Title of the project: “Delineating the molecular mechanisms of mitochondrial DNA disease: clinical and pathological studies”
Since I started my residency in adult Neurology at the University of Halle, Germany, I got interested in patients with myopathies, especially, in patients with mitochondrial diseases. In January 2014, I got the chance to visit the Wellcome Centre for Mitochondrial Research, Newcastle upon Tyne (UK) for the first time as part of a scientific collaboration. Encouraged and supported by the chief of my home depratement, Prof. Stephan Zierz, I applied for the EAN Research fellowship.
Being awarded with the EAN Research fellowship gave me the opportunity to spend one year at the Wellcome Centre for Mitochondrial Research, Newcastle upon Tyne (UK) under supervision of Prof. Sir Doug Turnbull and Prof. Rob Taylor. Thanks to the EAN I got the chance to work side by side with exceptional young researchers from all over the world and learn from clinical experts in the field of mitochondrial diseases.
The Wellcome Trust Centre for Mitochondrial Research was established in May 2012 to integrate basic and clinical mitochondrial disease research. The specific research themes the lab and clinical scientists are focusing on are: “Identify critical factors and pathogenic defects underlying mitochondrial gene expression”; “Prevent transmission of mitochondrial DNA disease”; “Understand the nature, mechanisms and treatment of neurology deficits in patients with mitochondrial DNA disease” and “Determine the role of mitochondrial DNA in common chronic human diseases”. The Newcastle Mitochondrial Clinic is supported by the Highly Specialised NHS Service for Rare Mitochondrial Disorders and one of three national centres to provide specialist mitochondrial clinics. It has been a great privilege to see the clinical service, led by Prof. Sir Doug Turnbull and the diagnostic service, led by Prof. Rob Taylor working close together with other specialists, e.g. physiotherapists, speech and language therapists to offer multi-disciplinary support for the patients and their families. In the field of pediatric neurology, I felt very privileged to learn from Dr. Robert McFarland.

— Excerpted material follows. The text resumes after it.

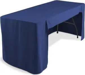 Lann's Linens Premium 6' Trade Show Table Cover - Open Back Fitted Tablecloth - Navy Blue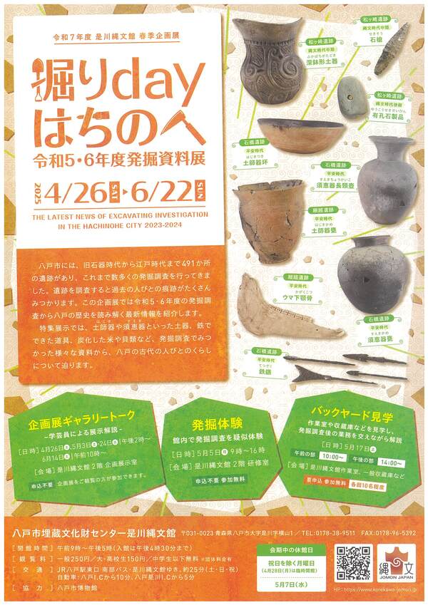 4月26日(土)~6月22日(日)「是川縄文館」では、春季企画展「掘りdayはちのへ 令和5・6年度発掘資料展」が開催中です。

My project focused on adult patients with mitochondrial disease is chronic progressive external ophthalmoplegia (CPEO), caused by recessively and dominantly-inherited mutations in nuclear genes involved in mtDNA maintenance leading to clonally-expanded multiple mtDNA deletions. Over the last few years there has been considerable progress based on whole exome sequencing in identifying the underlying nuclear genes which result in multiple mtDNA deletion disorders although identifying the genetic defect remains challenging in many adult patients with a CPEO phenotype. I have been trained to used a newly developed immunohistochemical assay to assess the pathological consequences of mitochondrial biochemical defects. In combination with established investigation procedures in the field of genetics, I tried to improve the diagnostic algorithm for patients with multiple mtDNA deletions and to better understand the associated respiratory chain defect in muscle. However, during my stay in Newcastle, I have always been supported to work on other projects, too.
The MRG (Mitochondrial Research Group)- Family made me feel welcome from the first day and I found friends for life! All doors were open all time- all problems were solved together. It was a once in a lifetime experience to be part of a research group like this. Once again thank you to the wonderful MRG-Family and Prof. Sir Doug Turnbull and Prof. Rob Taylor.
I highly encourage my colleagues to apply for the EAN fellowship programs. It is a wonderful chance to strength the scientific and clinical network throughout Europe and improve professional and personal skills. Thanks again to the EAN to make it possible!